What are the main challenges to these technologies being applied?

One significant challenge is finding the right artificial intelligence application. When you do, you need to develop it or teach it what to do in certain circumstances, which requires time and resources. And because there are so many possibilities, focusing on the ones that are going to have the greatest impact can be difficult. This is one of the reasons data science has become so critical.

The other challenge is that there are new questions around ethics in artificial intelligence. Globally, software development and engineering is less diverse of a workforce than others, and this can be reflected in artificial intelligence if we do not take care to make sure that all appropriate viewpoints are represented.

How will artificial intelligence and digital tools transform education in the next ten years?

A lot of education will be the same.
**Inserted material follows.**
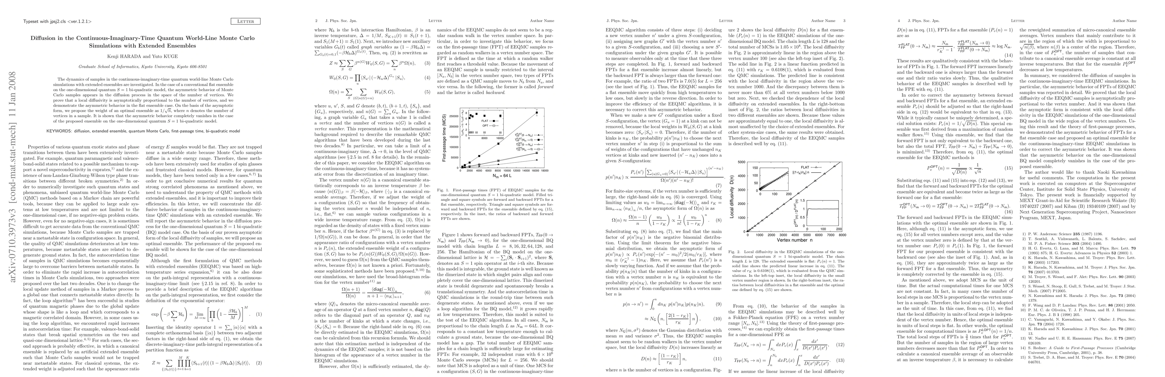 The dynamics of samples in the continuous-imaginary-time quantum world-line Monte Carlo simulations with extended ensembles are investigated. In the case of a conventional flat ensemble on the one-dimensional quantum S=1 bi-quadratic model, the asymmetric behavior of Monte Carlo samples appears in the diffusion process in the space of the number of vertices. We prove that a local diffusivity is asymptotically proportional to the number of vertices, and we demonstrate the asymmetric behavior in the flat ensemble case. On the basis of the asymptotic form, we propose the weight of an optimal ensemble as $1/\sqrt{n}$, where $n$ denotes the number of vertices in a sample. It is shown that the asymmetric behavior completely vanishes in the case of the proposed ensemble on the one-dimensional quantum S=1 bi-quadratic model.
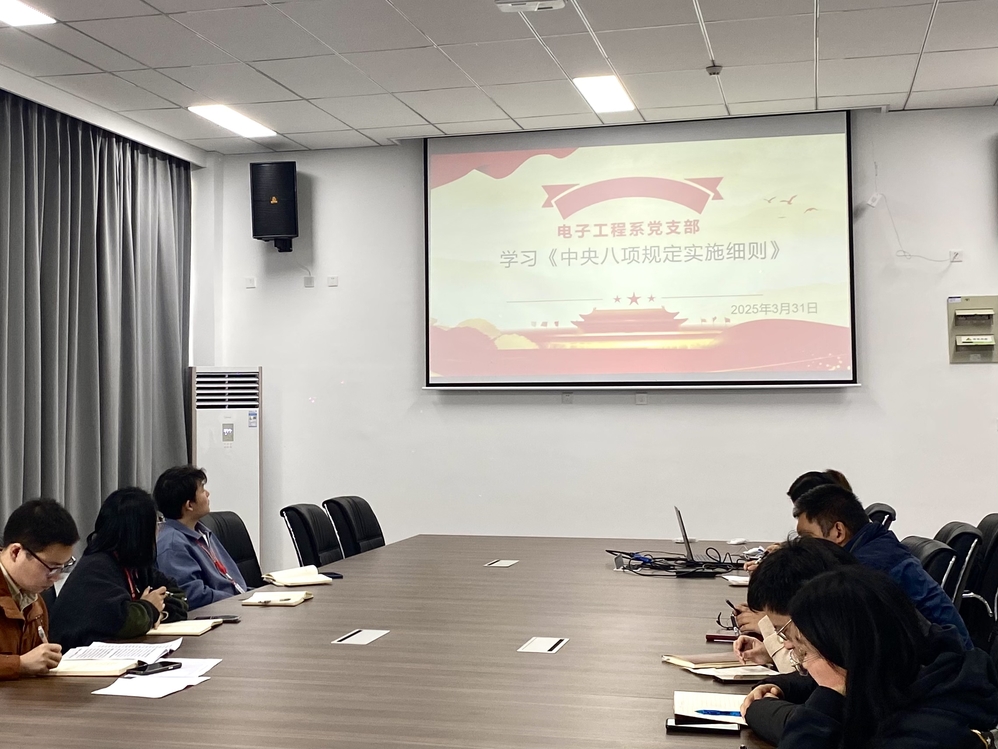 2025年3月31日下午,电子工程系党支部在慎行楼304会议室召开深入贯彻中央八项规定精神学习教育动员会,全体党员参加会议。会议由党支部副书记叶绘主持。

You will still have students learning from instructors who are specialists in a field of study. What will be different is that a lot of the interaction will be handled with artificial intelligence and instructors may not need to spend as much time teaching fundamentals, freeing them up to help guide more unstructured inquiry. In addition, the pace of learning will become much more personalized: artificial intelligence can provide a different learning experience depending on the needs or preferences of individual students.

How do you think this is going to improve the connection between education and the workforce?

It will make it easier to modify the curriculum and incorporate elements that will be meaningful for employers. If several people are on the same course working on similar assignments, you can change the assignment so that each of the students have an opportunity to learn something that is more relevant to their preferred career path without having to write a different assignment for each student. Technology can help enable differentiation for each student and, if you go to scale, in a large university like the UOC, with 55,000 or more degree-seeking students, being able to do that very flexibly is going to be a significant advantage.